Vee only chooses to take Noel in on a spur of the moment whim--she'll receive money monthly for his upkeep--but immediately regrets her decision as she realizes she'll have to also provide and care for him. She worries that he'll also interfere with her money making schemes, no matter that they generally fail miserably anyway. Instead Vee and Noel become a team. With his brains and her action, their scam of collecting money for invented wartime charities is going a treat. Meanwhile the otherwise unremarkable Donald is up to his own dangerous tricks. And Vee's mother Flora stays busy writing hilarious, chatty missives to government officials about the illegal goings on inspired by the war and morale killers as she sees them.

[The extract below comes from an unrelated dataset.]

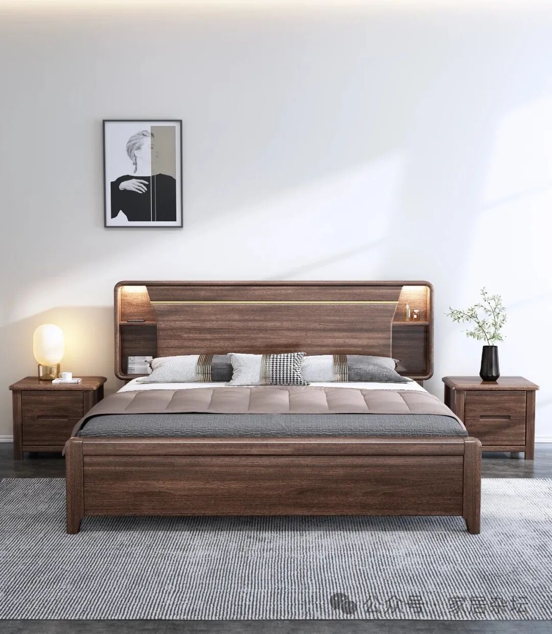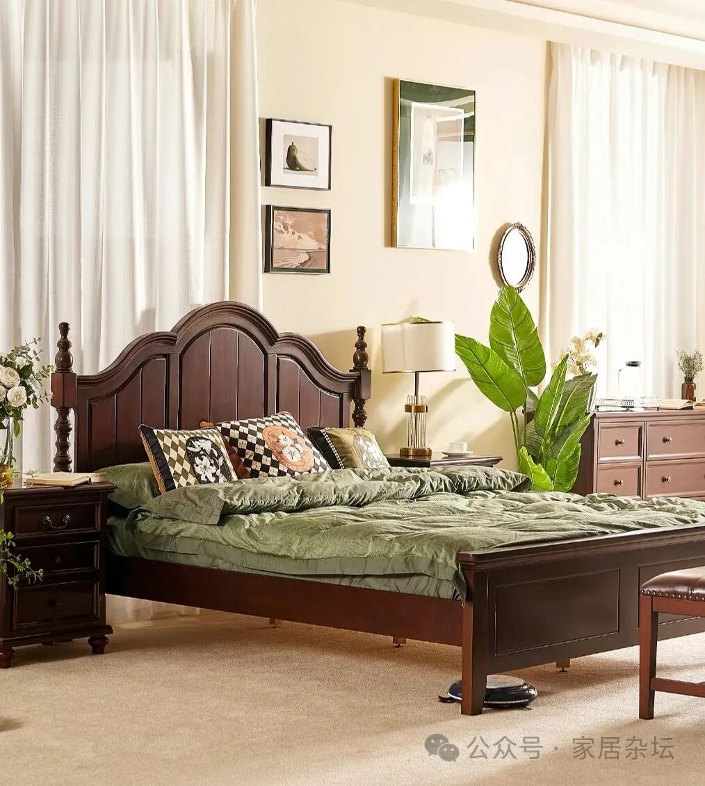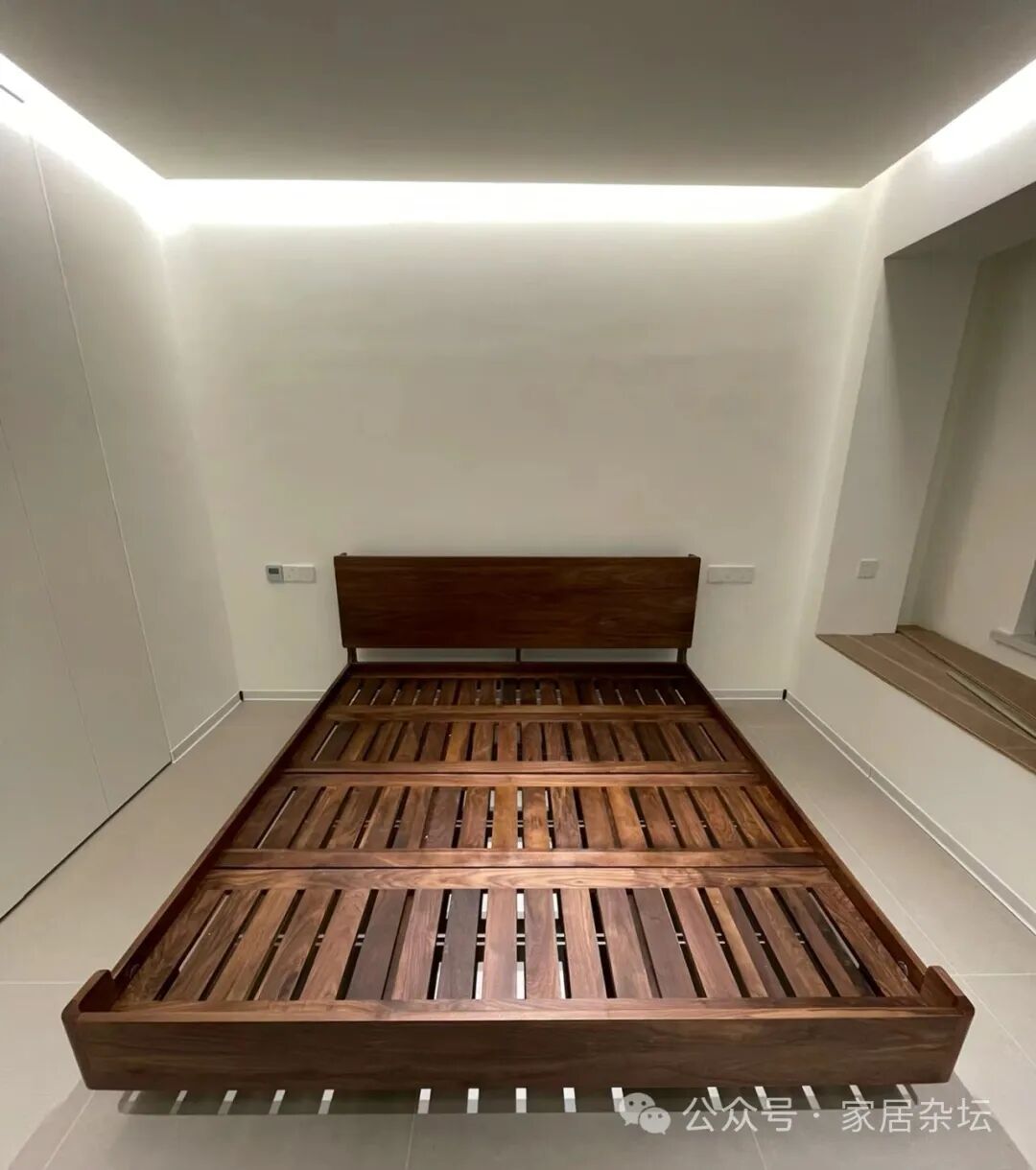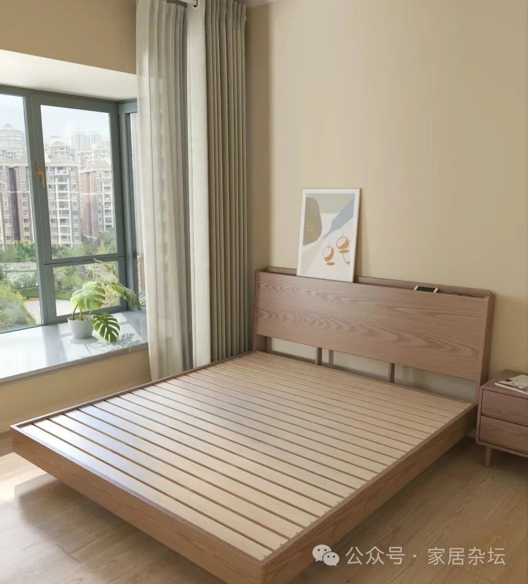②、选实木床的时候,床头尽量要有床头板。这样我们后期好搭配,而且用的会更舒服一些。

Evans has written a wonderfully entertaining novel. Her characters are complete and engaging, even when they are up to no good. The growing connection between Noel and Vee is touching to watch, especially as this waif with nowhere else to go is the first person to treat Vee with any dignity and respect at all. Noel is an odd duck but he's heartwarming for all his eccentricities and the reader cannot help but feel sympathy for him both in the loss of his godmother and in his naive outrage over the small scale immoralities allowed by war (his and Vee's not included). There is a deliciously sly wit that threads through the narrative and shines through in unexpected places. This is a lovely novel of friendship, caring, and moral implications only partially hidden underneath a delightfully humorous story of bumbling ineptness, petty scams, and war. Thoroughly recommended.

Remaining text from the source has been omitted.